- Directed by: Ludwig Berger
- Written by: Robert Liebmann; Hans Székely;
- Produced by: Erich Pommer
- Starring: Käthe von Nagy; Willy Fritsch;
- Cinematography: Friedl Behn-Grund
- Edited by: Viktor Gertler; Heinz G. Janson;
- Music by: Werner R. Heymann
- Production company: UFA
- Distributed by: UFA
- Release date: 29 November 1932;
- Running time: 98 minutes
- Country: Weimar Republic
- Language: German

= I by Day, You by Night =

1932 film

I by Day, You by Night (Ich bei Tag und du bei Nacht) is a 1932 German musical comedy film directed by Ludwig Berger and starring Käthe von Nagy and Willy Fritsch. It was shot at the Babelsberg Studios and on location at the Sanssouci Palace in Potsdam. The film's sets were designed by the art director Otto Hunte. It premiered in Berlin on 29 November 1932.

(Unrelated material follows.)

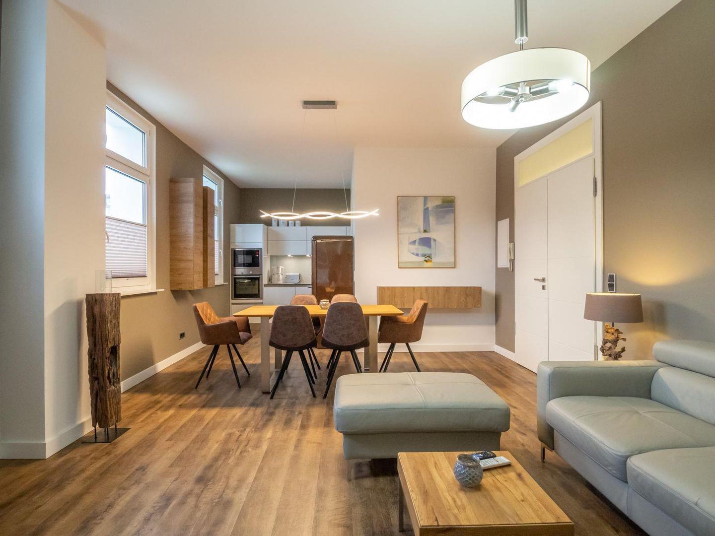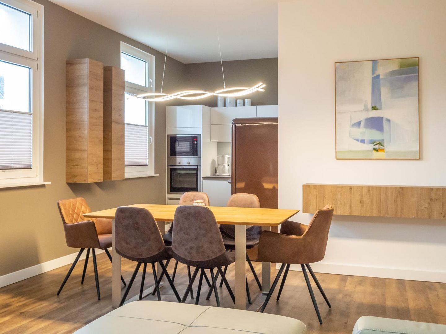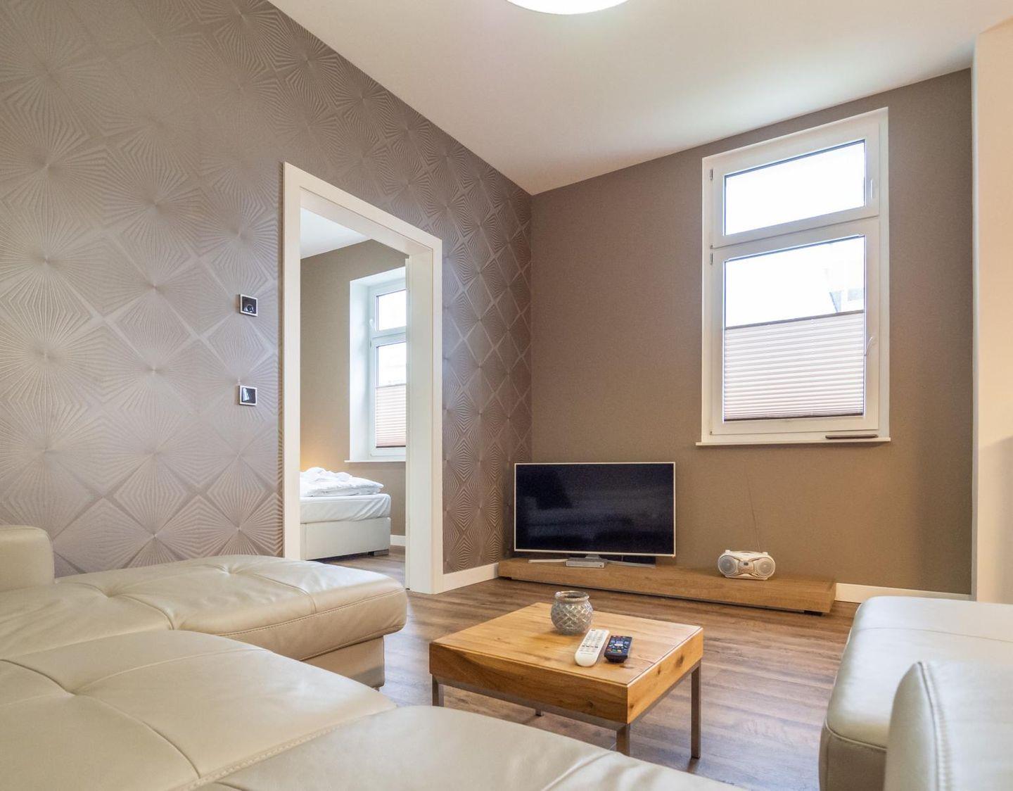 Die Ferienwohnung befindet sich im Hochparterre der Villa "Gössel". Sie hat eine Wohnfläche von ca. 50qm und besteht aus einem Schlafzimmer mit Doppelbett, einem Wohnzimmer mit Schlafcouch für zwei weitere Personen, einem Bad mit Dusche und einer im Wohnbereich integrierten, moderne Einbauküche. Die ganze Wohnung ist sehr modern und sehr geschmackvoll eingerichtet. Es gibt sowohl im Schlafzimmer als auch im Wohnzimmer TV. Die Küche verfügt über sämtliche Annehmlichkeiten wie Geschirrspüler, Ceran- und Induktionsherd, Backofen, Mikrowelle, Kühlschrank, Gefriermöglichkeit und natürlich über Kaffeemaschine, Wasserkocher, Toaster und genügend Küchenutensilien. Den Gästen steht außerdem eine Waschmaschine zur Verfügung. In der Wohnung gibt es ein kostenfreies WLAN. Zur Wohnung gehört der Pkw-Stellplatz Nr. 3 direkt am Haus sowie abschließbare Fahrradunterstellmöglichkeiten im Keller des Hauses.

As was common at the time, separate English and French-language versions were released, both directed by Berger. The British version Early to Bed was co-produced with Gaumont British. The plot is very similar to the 1933 American film, Rafter Romance and its 1937 remake, Living on Love, though these films are based on a 1932 novel also named "Rafter Romance".

==Plot==
Greta, a manicurist, and Hans, a waiter, share the same room which he uses in the day and she at night due to their different working hours. Although they have never met, they strongly dislike one another. However, when they meet at last, they fall in love when they realise each other's identity.

==Cast==
- Käthe von Nagy as Grete
- Willy Fritsch as Hans
- Amanda Lindner as Cornelia Seidelbast
- Julius Falkenstein as Herr Krüger
- Elisabeth Lennartz as Trude Krüger
- Albert Lieven as Wolf
- Friedrich Gnaß as Helmut
- Anton Pointner as Meyer
- Eugen Rex as Peschke
- Ida Wüst as Frau Waiser
- Ursula van Diemen as Filmdarstellerin
- Walther Ludwig as Filmdarsteller
- Helmut Forest as Straßensänger
- Carl Merznicht as Straßensänger
- Trude Lieske as Gretes Kollegin
- Gerhard Bienert as Polizist
- Karl Hellmer as Kellner
- Rudolf Platte as Kuchenkellner
- Werner Pledath as Geschäftsführer im 'Casanova'
- Leo Monosson as Sänger im 'Casanova'
- Comedian Harmonists as Themselves

==Bibliography==
- Hardt, Ursula (1996). "From Caligari to California: Erich Pommer's Life in the International Film Wars"
- Kreimeier, Klaus (1999). "The Ufa Story: A History of Germany's Greatest Film Company, 1918–1945"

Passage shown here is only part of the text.